Hybrid inverter PV systems are pretty complex setups. But, the more or less standard setup has the MPPT solar charge controller setup to output maximum power from the solar array to the battery bank.
The Hybrid inverter (when on grid) will act like the battery charger. If the batteries are "full", the hybrid inverter sends the "excess" charging energy out its AC connections. Whether that goes to the loads or is fed back to the AC mains (and turning your meter backwards) depends on the size of the loads (if loads>pv power, then some AC power is used to help support the loads; if PV power>loads, the excess power is feed back to the utility).
If you are not allowed to feed power backwards to the utility, then the MPPT solar charge controller has to be in control, and simply sets the proper absorb/float voltages for the battery bank. When the loads > PV power, the battery supplies energy to support the loads. When PV power > loads, the PV power is split between charging the battery bank and supporting the loads.
-Bill
If you made battery charging the priority "load", then the system would load shed (turn of loads) to maintain battery charging current/power. For most of us that is not what we would want a system to do (turn off loads if clouds pass in front of the sun).
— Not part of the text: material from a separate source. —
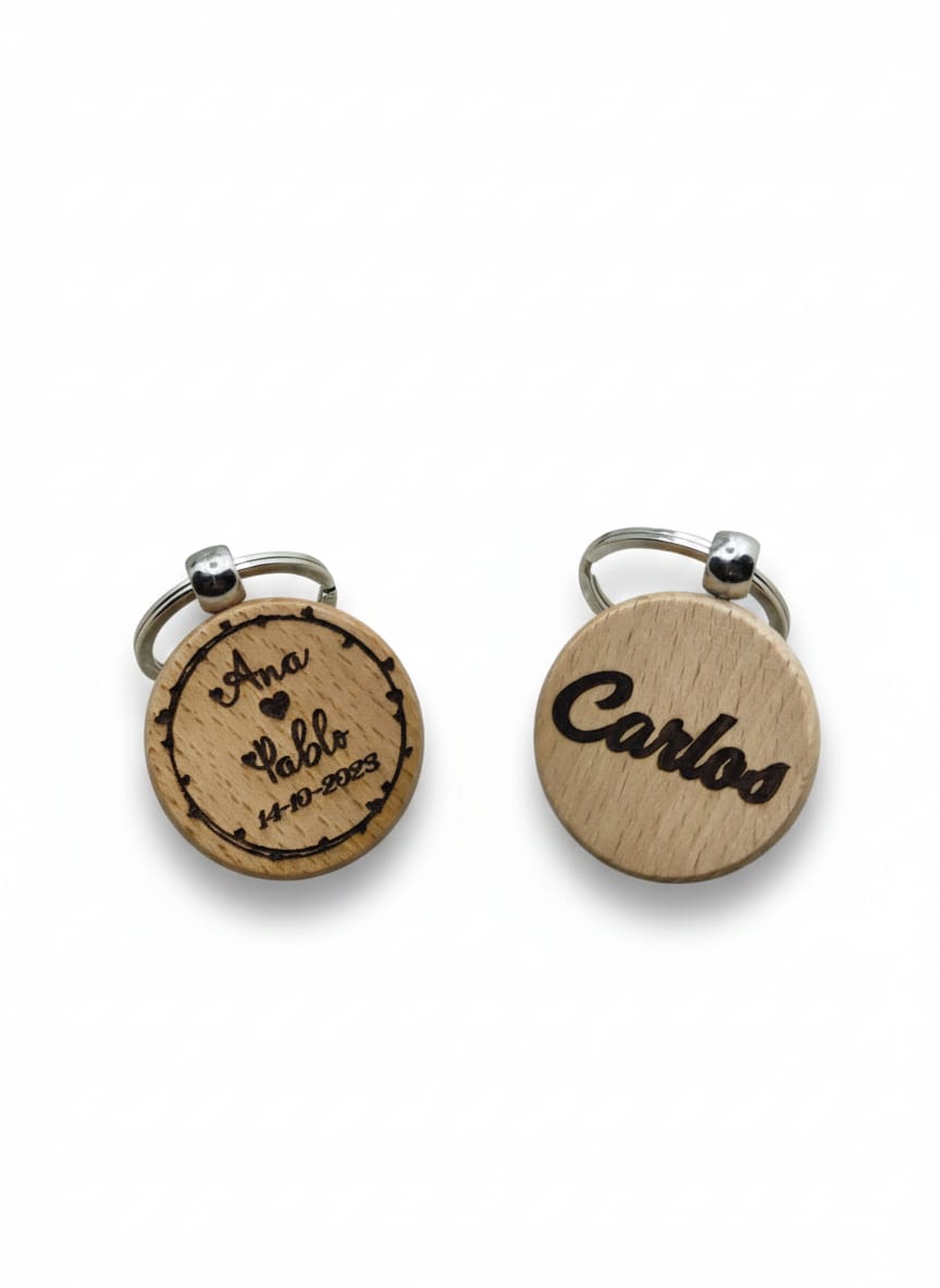 Llavero redondo de madera para detalles en bodas, bautizos, comuniones o eventos en general. Un regalo original y práctico para detalles a tus invitados hombres o mujeres.

The batteries "buffer" the solar energy (recharge when there is more sun, and supply energy when there is less sun/more loads).
-Bill
What you are asking for is done in solar (and wind, water) systems--And that is where the charging source dumps 100% of the available energy to the battery bank, and a "dump controller" takes any excess power (say you have 14.5 volts as the battery charging voltage) and the dump controller turns on and sends excess power (if the battery voltage goes over 14.5 volts) to a "dump load" -- Typically a water heater element, but some people run well pumps or other loads that can be cycled without issue (i.e., filling a water tank with an on/off flow is acceptable--But power lights in the home that flicker on/off depending on the battery charging needs is not).
-Bill
From the PV panels it goes to the charge controllers (2). They then send the DC energy directly to the battery, 48V, which as is probably basic knowledge the XW6048 can't operate without, although it would be nice if it could have a "grid-tie" only mode and operate that way too.
Then, from the battery, even if the battery is depleted, the DC energy will flow to the inverter. The inverter will then change the DC into AC, where the energy then goes either to the subpanel loads, which are setup to be powered by the inverter in case of an outage, or back-fed to the grid, where I'll get a credit for that energy sent to the electric company.
Now, it doesn't have to be that way if I change the settings on the controller.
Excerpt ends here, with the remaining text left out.